I am originally from Spain and never heard of the terms heat pump or furnace. I learned that our new home in Lewes, DE has a heat pump, but our homeowner’s package says that one of the things we need to do is change the furnace filters.
So, do we also have a furnace? That’s what I asked my builder. He said, “no, you have a heat pump. We called them furnace filters, but you don’t have a furnace.“
Interesting! I thought it was an excellent opportunity to understand the difference between a heat pump and a furnace.
The main difference between a heat pump and a furnace lies in how they generate heat. A furnace uses combustion to heat your home while a heat pump transforms the air outside into warm air circulating inside your home. Unlike a furnace, a heat pump can also generate cold air.
This topic is confusing. I have to change furnace filters even though I don’t have a furnace, and I have a heat pump that also generates cold air.
Let’s understand more about furnaces and heat pumps.
What’s a Heat Pump?
A heat pump acts as both a heater and an air conditioner. Not to be confused with dual heat pumps. When it’s cold outside, it will use as much heat as it can to warm up your home. If there is not enough heat, an electric heater will provide extra warmth into the air. This double purpose system makes it very versatile and will generally save you money.
When it’s hot outside, the heat pump would take the warm air inside your home and transfer it outside. The process for cooling is essentially the exact opposite of how it provides heat. Instead of bringing in air from the outside into your house, it takes the warm air in your house and transfers it outside.
|Energy efficient||Not ideal in extremely cold climates|
|Works as a heater and air conditioner||Installation can be pricey|
|Low maintenance||Less effective at providing heat compared to a furnace|
How a Heat Pump Works
For those of you who want to have a deeper understanding of how a heat pump works, here is an excellent video that goes over the operating principles of heat pumps.
Why Heat Pumps are not as Efficient in Extremely Cold Conditions
While heat pumps are typically very efficient, they don’t do such an excellent job in extremely cold conditions. The video below explains why heat pumps become less efficient during extreme cold spells and could leave you with higher electric bills.
What’s a Furnace?
A furnace uses combustion to generate heat, which is circulated all over the house through ducts. A furnace may be power by natural gas, electricity, oil, or propane. And this is why you want to keep these 12 items out of the furnace room.
As an example, for a natural gas furnace to have heat circulated throughout your home, you will first have to light the gas source. That will then ignite the burners inside the combustion chamber, resulting in dry heat spread throughout your house.
Some people prefer furnaces over heat pumps because the heat that furnaces produce is generally warmer.
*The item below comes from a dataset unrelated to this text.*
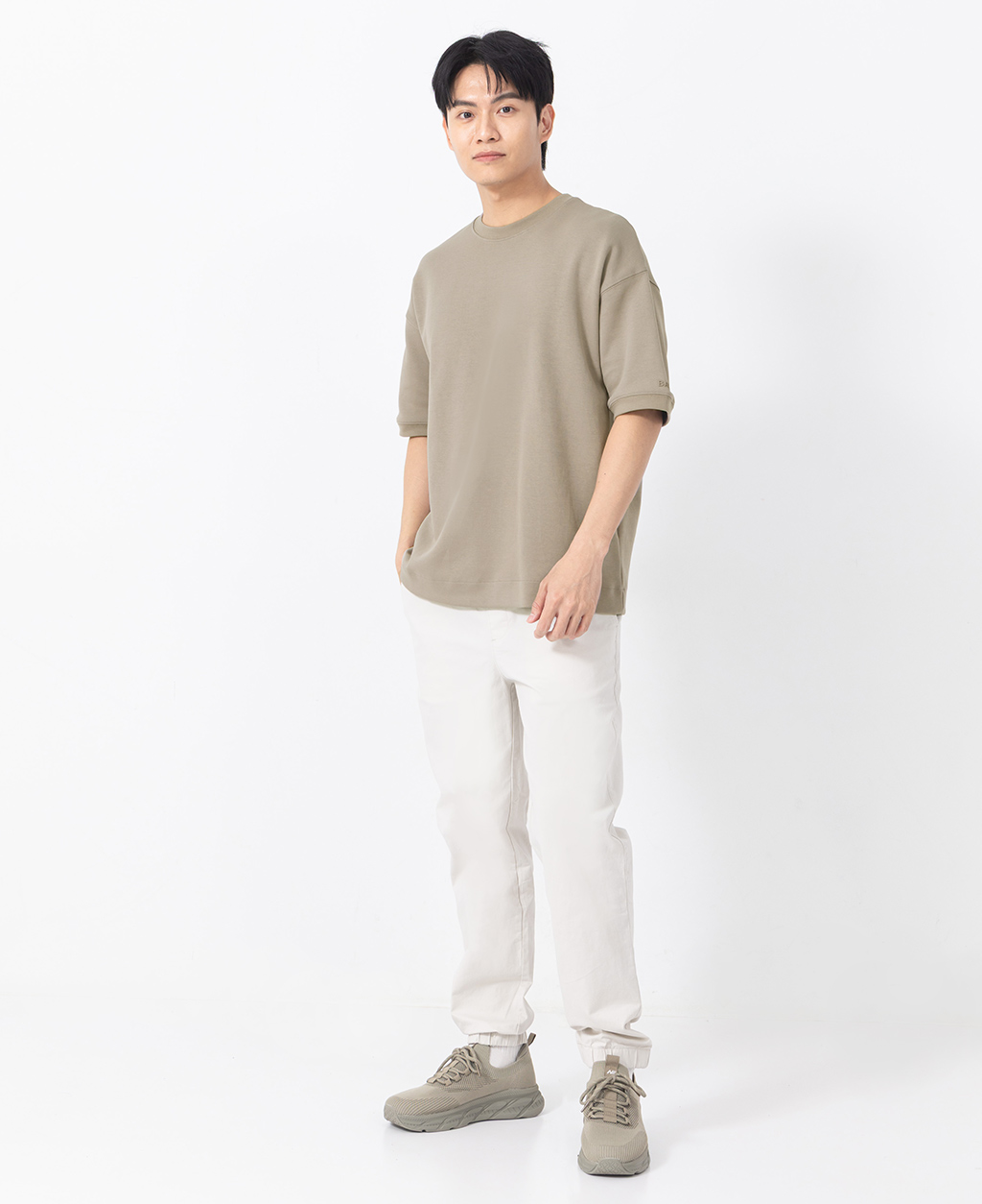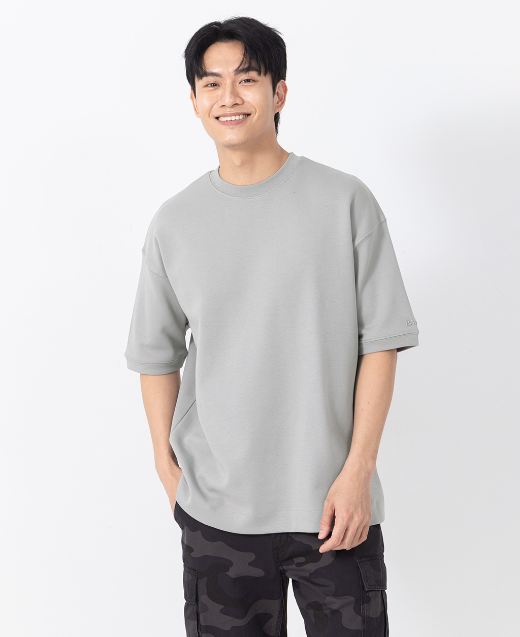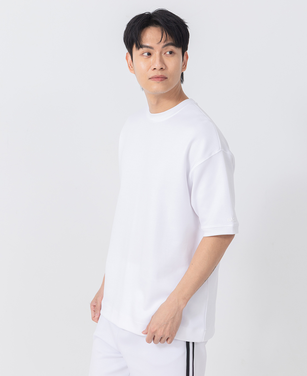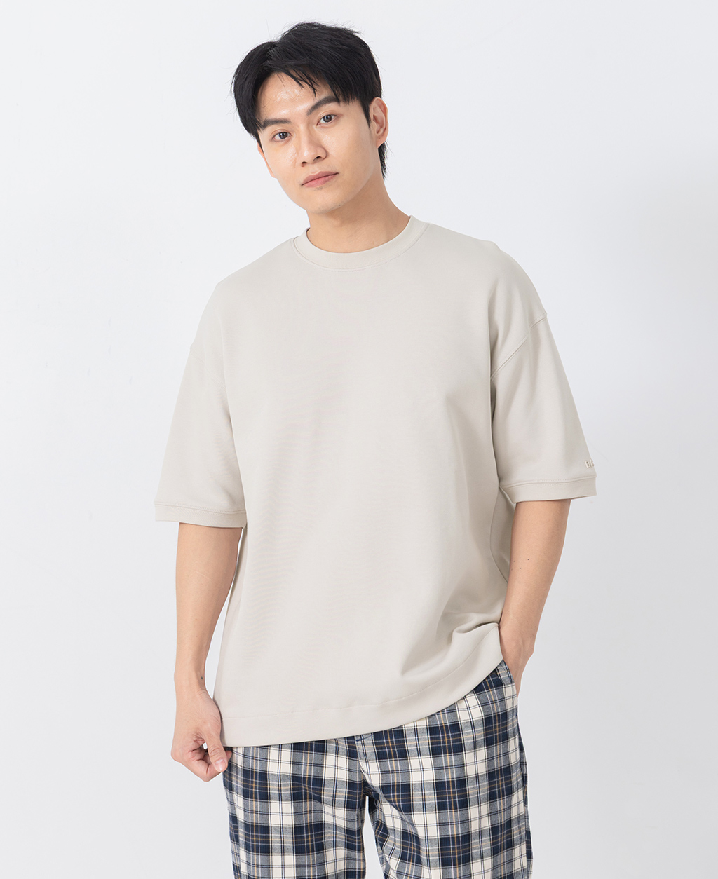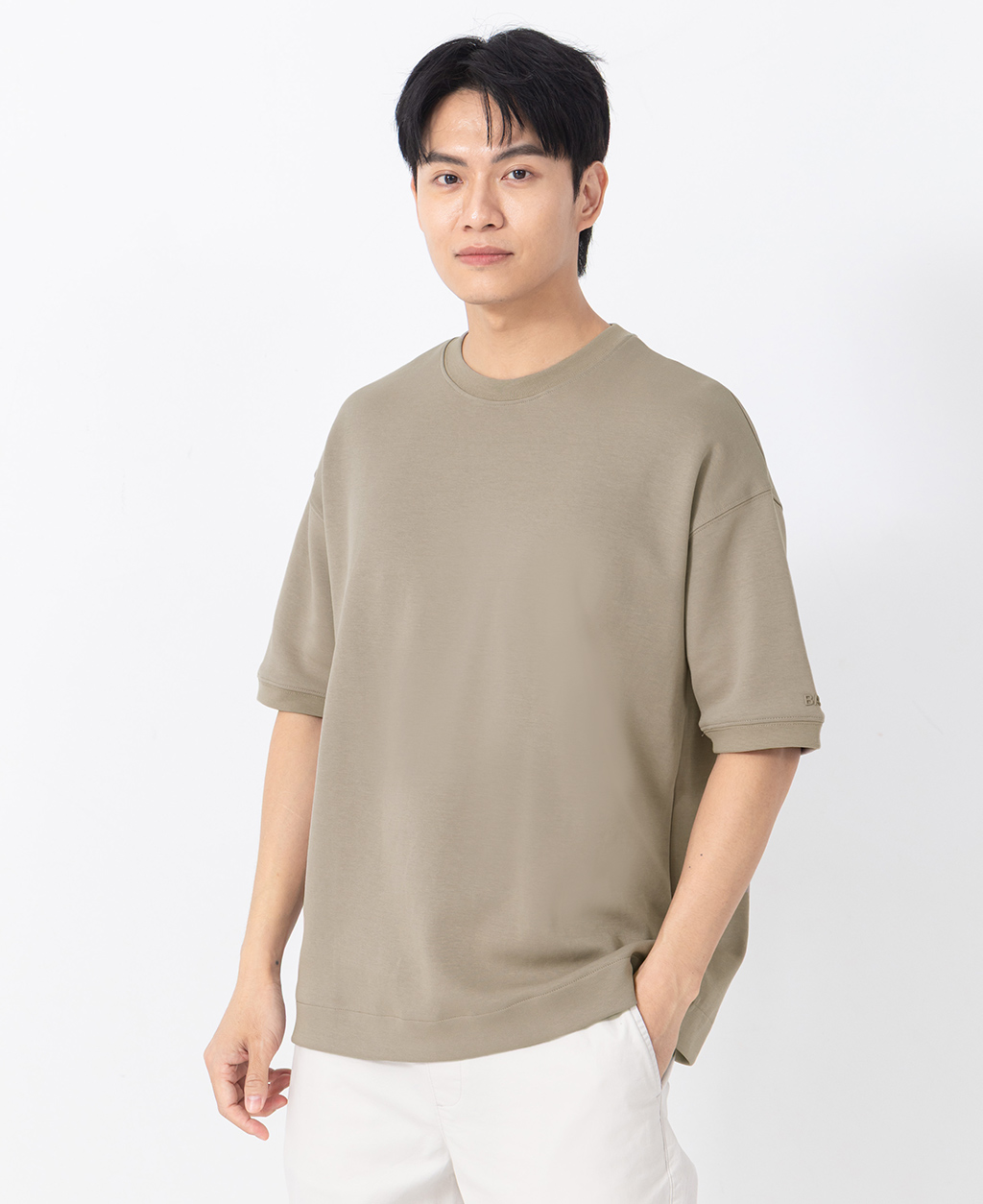 落肩左袖小圖T恤

Heat pumps blow the heat through the house, which can make the heat have a colder feel to it.
Unlike heat pumps, you will need an air conditioner if you want to cool down your house. Essentially, you are trading money for more warmth but less versatility with a furnace.
|Great for below-freezing temperatures||More expensive in the long run|
|Cheaper Installation||Can be dangerous|
|Needs additional unit for air conditioning|
Which Option is Safer?
Since furnaces use combustion to create heat, there is a potential risk of carbon monoxide poisoning and other hazards. In general, electricity is considered a safer way to heat your house. Also, according to the Natural Resources Defense Council, electric heat pumps can considerably reduce greenhouse gas emissions.
Which Option Cost Less?
There are two things you have to consider when it comes to the cost of heat pumps and furnaces: installation and energy efficiency.
The initial cost of installation is generally less for Furnaces than heat pumps. However, in addition to a furnace, you will need to install air conditioning to be comparable to a heat pump. That’s because heat pumps also function as air conditioning units. When you consider both heating and air conditioning, heat pumps may be more affordable to install.
Heat pumps are also more energy-efficient than furnaces when it comes to heat because generally, less energy is required to transfer heat than producing it. The cost of cooling off your house would have to be compared to the additional air conditioning system you will need.